◆ **WORK INSTRUCTION**:
Each line from the one containing "LoRa通信:適合多個(gè" to the end of the material below is to be restated exactly, with pictures skipped.

Start of SUPPLIED MATERIAL

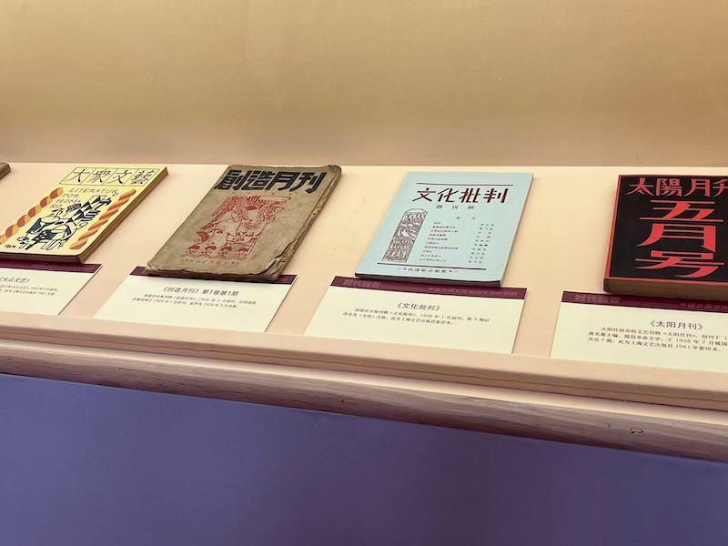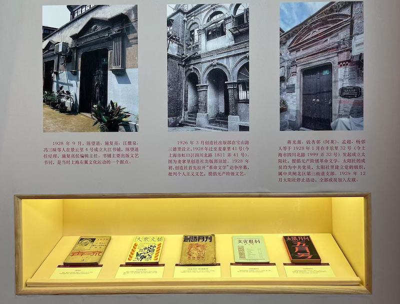 展览现场,展墙上印有景云里,三德里和丰乐里的照片,下方展柜呈现的是创造社、太阳社的刊物。
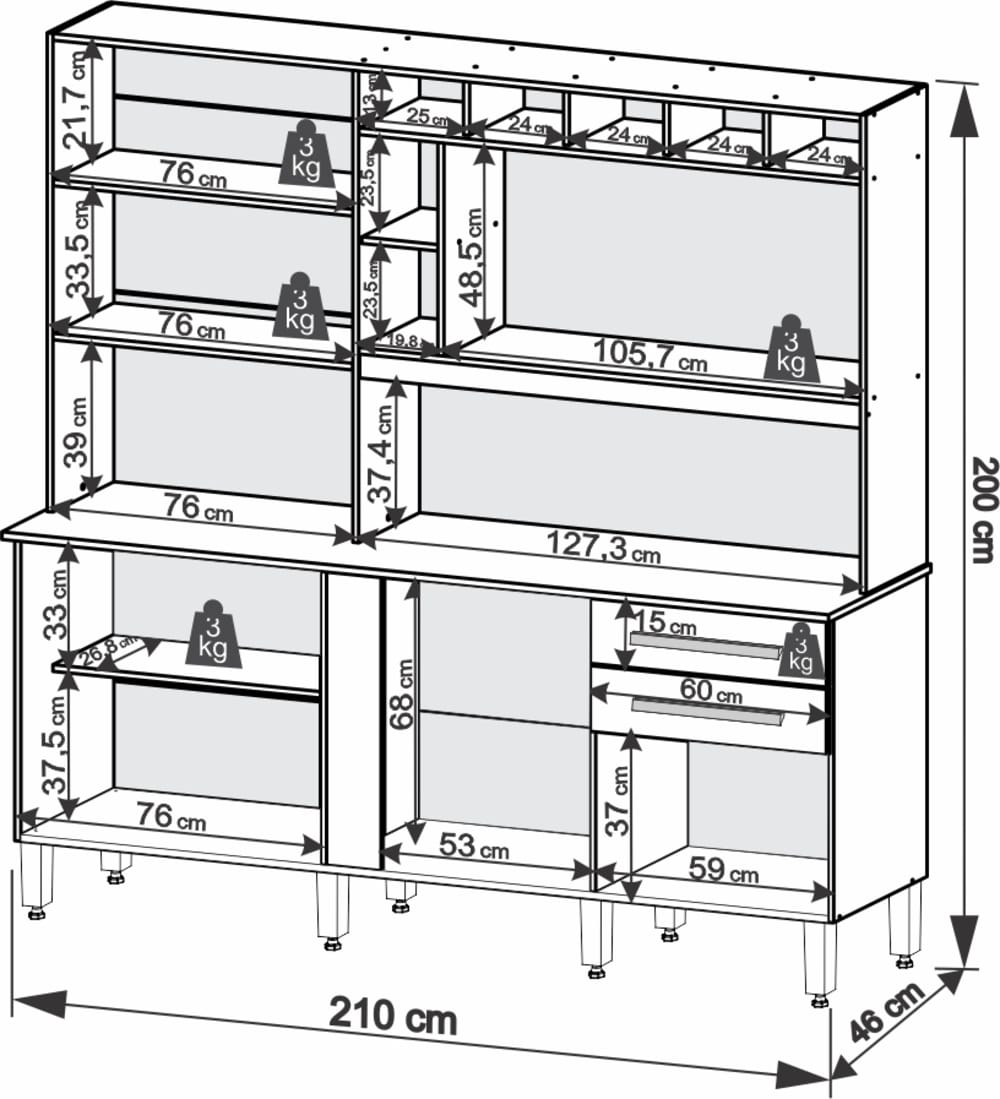 Altura:200cm Largura: 210cm Profundidade: 46cm |
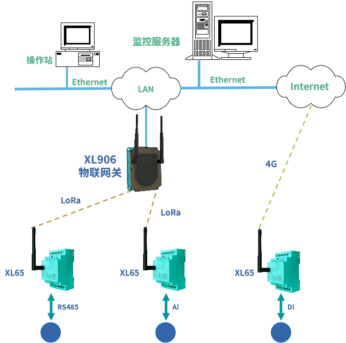 LoRa通信:適合多個(gè)監(jiān)測點(diǎn)處于相對(duì)集中的區(qū)域范圍內(nèi),監(jiān)測點(diǎn)數(shù)據(jù)通過LoRa上傳至XL90物聯(lián)網(wǎng)關(guān),網(wǎng)關(guān)通過Ethernet、WiFi、4G等通信方式上傳數(shù)據(jù)至監(jiān)控平臺(tái);
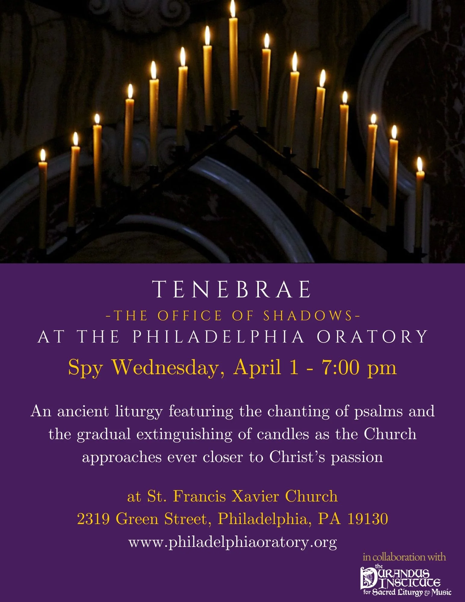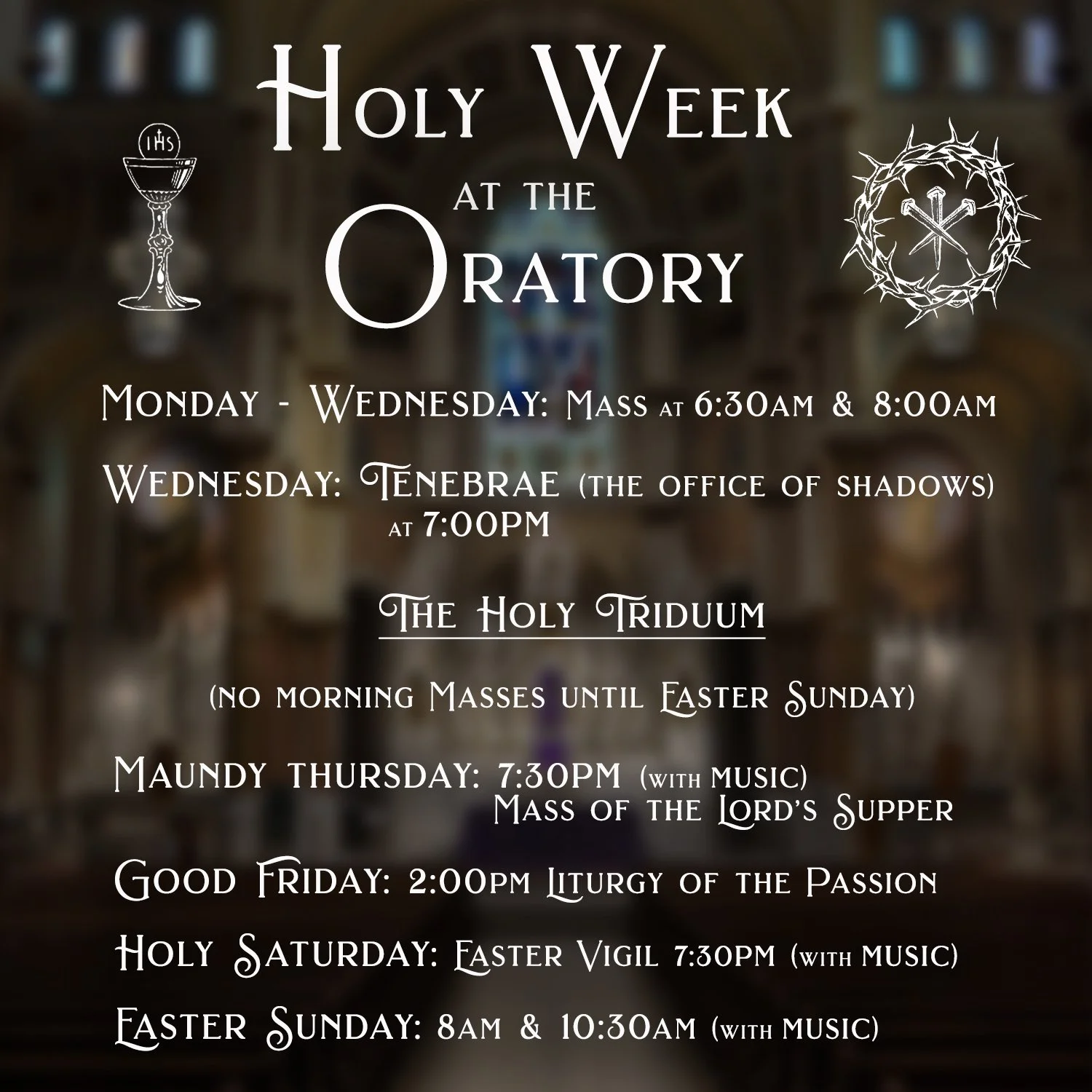 You are invited to join the Oratorian Community for prayer before the Blessed Sacrament in the church each weekday afternoon from 5:10 to 6:00 PM. This quiet time of prayer is an opportunity to reflect on the Gospel reading for the next day, to join together in intercessory prayer and to conclude with a litany and the proper anthem to Our Lady. All are welcome.

End of SUPPLIED MATERIAL

◆ **ANSWER SPACE**:
 LoRa通信:適合多個(gè)監(jiān)測點(diǎn)處于相對(duì)集中的區(qū)域范圍內(nèi),監(jiān)測點(diǎn)數(shù)據(jù)通過LoRa上傳至XL90物聯(lián)網(wǎng)關(guān),網(wǎng)關(guān)通過Ethernet、WiFi、4G等通信方式上傳數(shù)據(jù)至監(jiān)控平臺(tái);
 You are invited to join the Oratorian Community for prayer before the Blessed Sacrament in the church each weekday afternoon from 5:10 to 6:00 PM. This quiet time of prayer is an opportunity to reflect on the Gospel reading for the next day, to join together in intercessory prayer and to conclude with a litany and the proper anthem to Our Lady. All are welcome.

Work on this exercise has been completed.